Toujours dans l’espace public, si l’on s’arrête sur les noms des rues, des avenues, des boulevards et des places dans nos 36 000 communes françaises, le nom d’Edmond Rostand apparaît 224 fois. Il est au 162e rang des personnalités toutes catégories confondues (politiques, militaires, sciences, arts, littérature…) Victor Hugo, lui, est au 3e rang.

 

Je ne suis malheureusement pas sûr qu’Edmond Rostand soit passé vraiment à la postérité - même si toute mon action vise à le promouvoir, avec les moyens qui sont les miens, en m’appuyant aussi sur les conférences et les expositions.

 

Cyrano, lui, est vraiment passé à la postérité. Il est connu et aimé dans le monde entier, le nom de son auteur beaucoup moins.
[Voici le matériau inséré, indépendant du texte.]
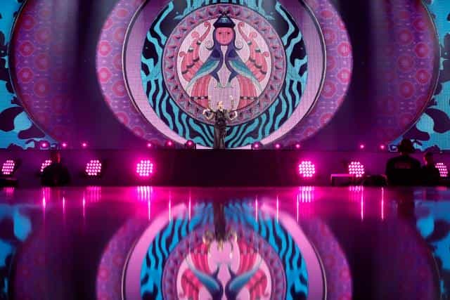 Հանրային հեռուստաընկերության ստեղծագործական խմբի որոշմամբ` այս տարվա բեմականացման ընթացքում լեդային էկրանների վրա կներկայացվի հայկական զարդարվեստն ու թռչնապատկերները` ժամանակակից դրսեւորմամբ, հին զարդանախշները` նորաձեւ գունային լուծումներով` խորհրդանշելով Արծվիկի անվան նշանակությունն ու մրցութային երգի վերնագիրը, որը թարգմանաբար նշանակում է «ճախրիր ինձ հետ»:

Mais cet immense succès qui ne se dément pas, plus d’un siècle après sa création, est l’arbre immense qui cache la forêt rostandienne, où l’on trouve et son théâtre, et sa poésie, aujourd’hui très méconnue, voire oubliée.

 

C’est pourquoi je ne peux qu’encourager vos lecteurs à re-découvrir l’œuvre d’Edmond Rostand. Je sais bien que le lecteur traditionnel est peu habitué à lire du théâtre, qui plus est en alexandrins. Cela demande un effort, mais celui-ci est récompensé, je vous l’assure. Je recommande de commencer par Chantecler. C’est une pièce qui se lit comme un poème, c’est magnifique !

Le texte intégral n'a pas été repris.